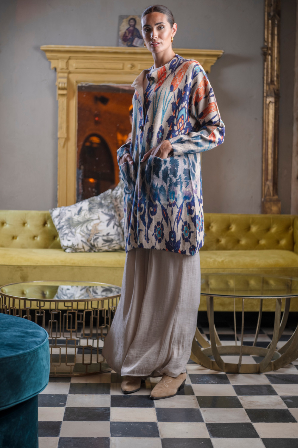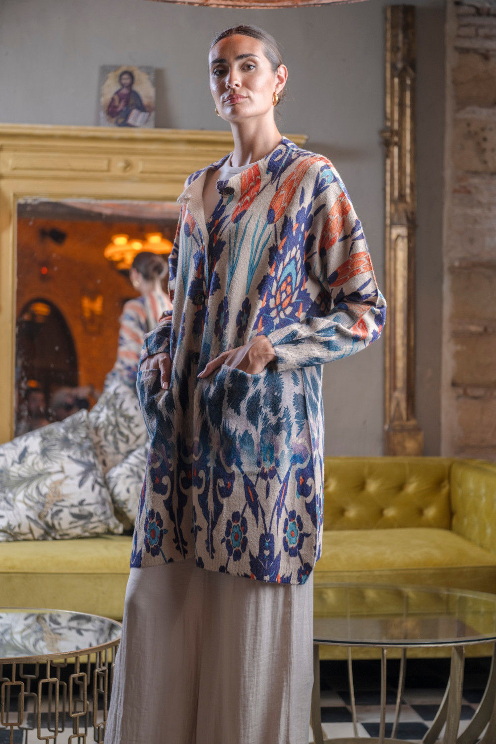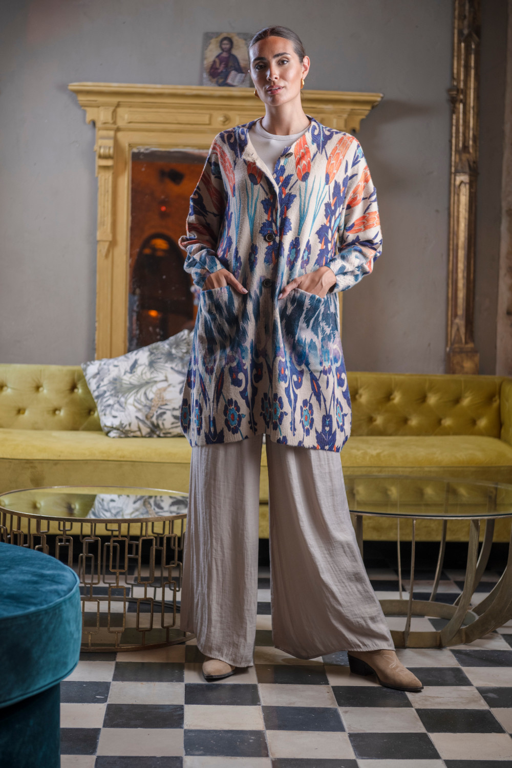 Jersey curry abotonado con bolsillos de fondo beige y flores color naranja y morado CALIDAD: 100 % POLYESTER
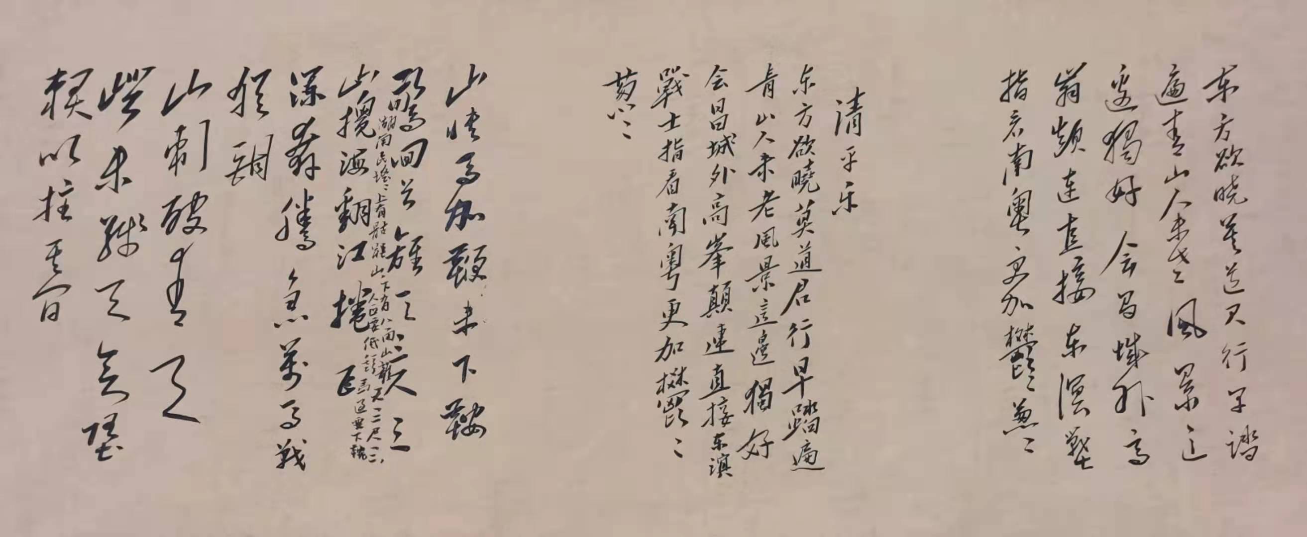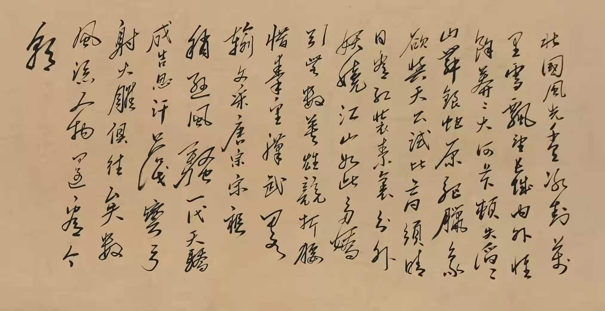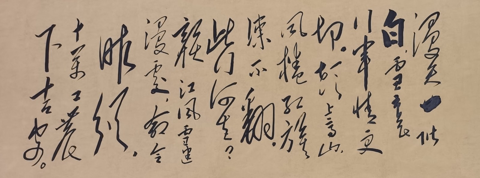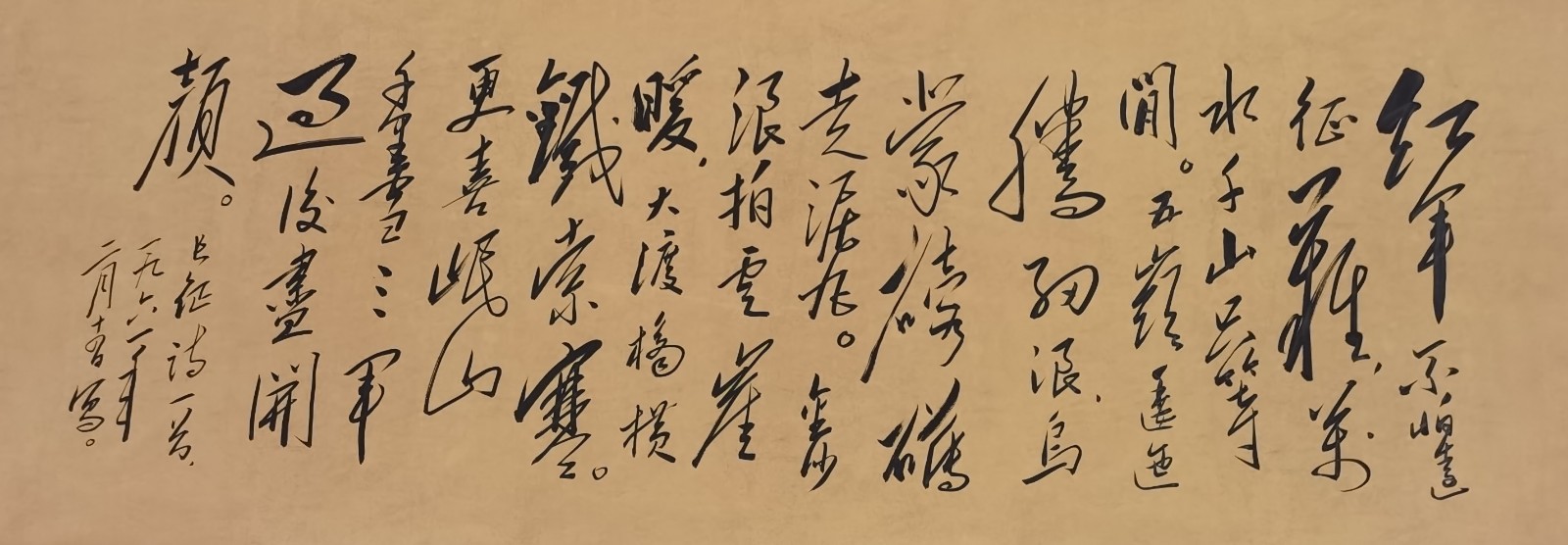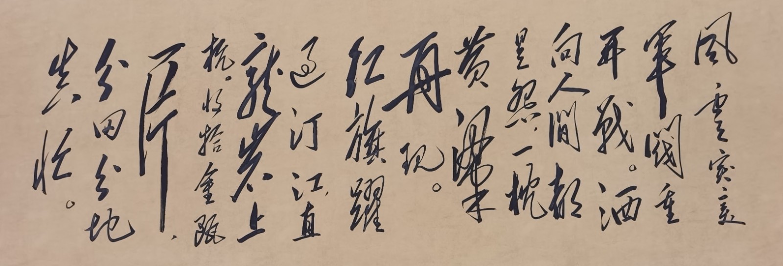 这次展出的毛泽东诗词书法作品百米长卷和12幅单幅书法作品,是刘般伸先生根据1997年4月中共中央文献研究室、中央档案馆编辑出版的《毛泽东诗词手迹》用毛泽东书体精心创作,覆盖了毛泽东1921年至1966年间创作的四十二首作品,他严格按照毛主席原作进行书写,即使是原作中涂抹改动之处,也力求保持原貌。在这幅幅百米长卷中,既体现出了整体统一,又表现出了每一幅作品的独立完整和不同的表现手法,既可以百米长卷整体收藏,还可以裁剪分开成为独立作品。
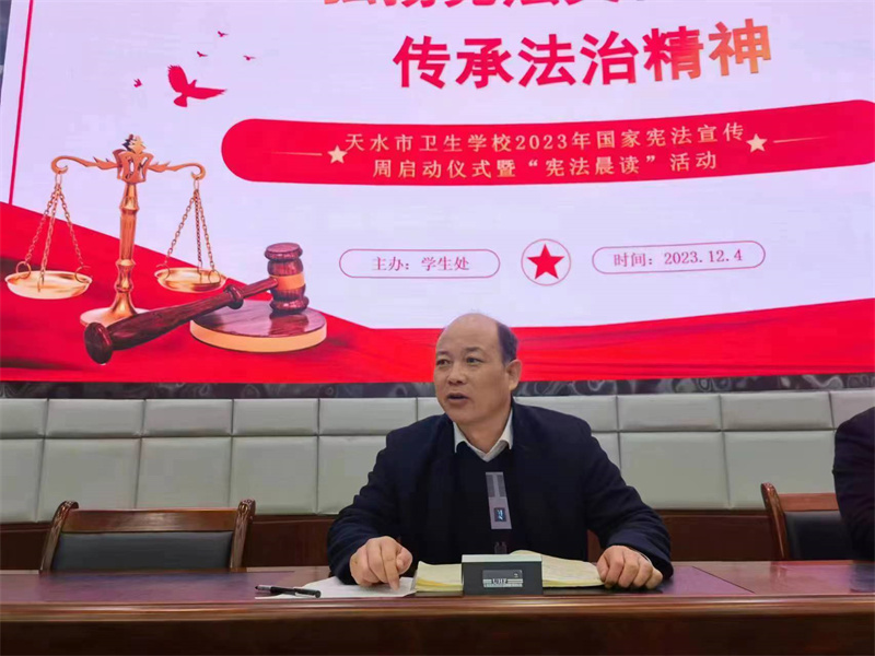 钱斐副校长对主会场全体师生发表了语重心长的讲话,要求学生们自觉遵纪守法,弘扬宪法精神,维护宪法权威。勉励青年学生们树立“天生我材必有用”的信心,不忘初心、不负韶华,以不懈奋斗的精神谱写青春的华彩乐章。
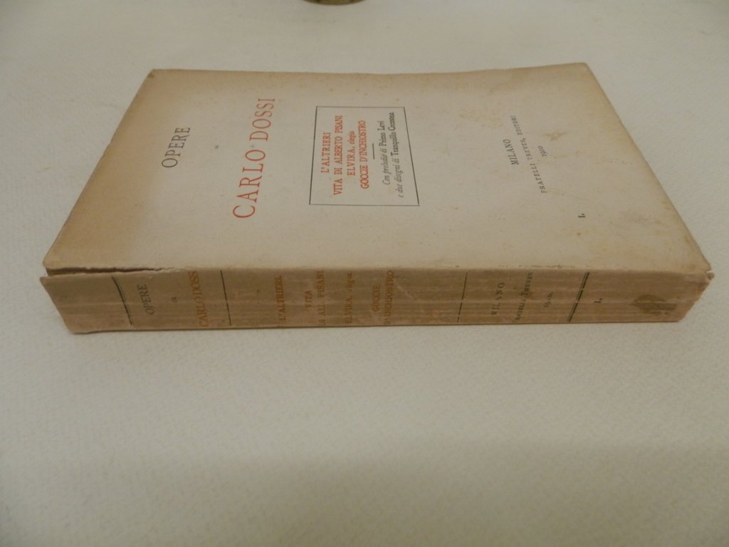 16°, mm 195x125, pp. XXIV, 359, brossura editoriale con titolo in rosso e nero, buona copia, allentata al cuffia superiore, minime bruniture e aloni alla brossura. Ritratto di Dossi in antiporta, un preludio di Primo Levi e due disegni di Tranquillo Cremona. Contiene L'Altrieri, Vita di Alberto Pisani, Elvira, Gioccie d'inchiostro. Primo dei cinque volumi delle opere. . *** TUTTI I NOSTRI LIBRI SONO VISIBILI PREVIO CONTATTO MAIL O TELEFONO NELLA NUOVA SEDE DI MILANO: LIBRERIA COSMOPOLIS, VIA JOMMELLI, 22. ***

REQUIREMENT: Your task is to retype exactly, and only, the lines from the one that holds "这次展出的毛泽东诗词书法作品" through the end of the listing, both end lines included, without any pictures.

EXPECTED OUTPUT:
 这次展出的毛泽东诗词书法作品百米长卷和12幅单幅书法作品,是刘般伸先生根据1997年4月中共中央文献研究室、中央档案馆编辑出版的《毛泽东诗词手迹》用毛泽东书体精心创作,覆盖了毛泽东1921年至1966年间创作的四十二首作品,他严格按照毛主席原作进行书写,即使是原作中涂抹改动之处,也力求保持原貌。在这幅幅百米长卷中,既体现出了整体统一,又表现出了每一幅作品的独立完整和不同的表现手法,既可以百米长卷整体收藏,还可以裁剪分开成为独立作品。
 钱斐副校长对主会场全体师生发表了语重心长的讲话,要求学生们自觉遵纪守法,弘扬宪法精神,维护宪法权威。勉励青年学生们树立“天生我材必有用”的信心,不忘初心、不负韶华,以不懈奋斗的精神谱写青春的华彩乐章。
 16°, mm 195x125, pp. XXIV, 359, brossura editoriale con titolo in rosso e nero, buona copia, allentata al cuffia superiore, minime bruniture e aloni alla brossura. Ritratto di Dossi in antiporta, un preludio di Primo Levi e due disegni di Tranquillo Cremona. Contiene L'Altrieri, Vita di Alberto Pisani, Elvira, Gioccie d'inchiostro. Primo dei cinque volumi delle opere. . *** TUTTI I NOSTRI LIBRI SONO VISIBILI PREVIO CONTATTO MAIL O TELEFONO NELLA NUOVA SEDE DI MILANO: LIBRERIA COSMOPOLIS, VIA JOMMELLI, 22. ***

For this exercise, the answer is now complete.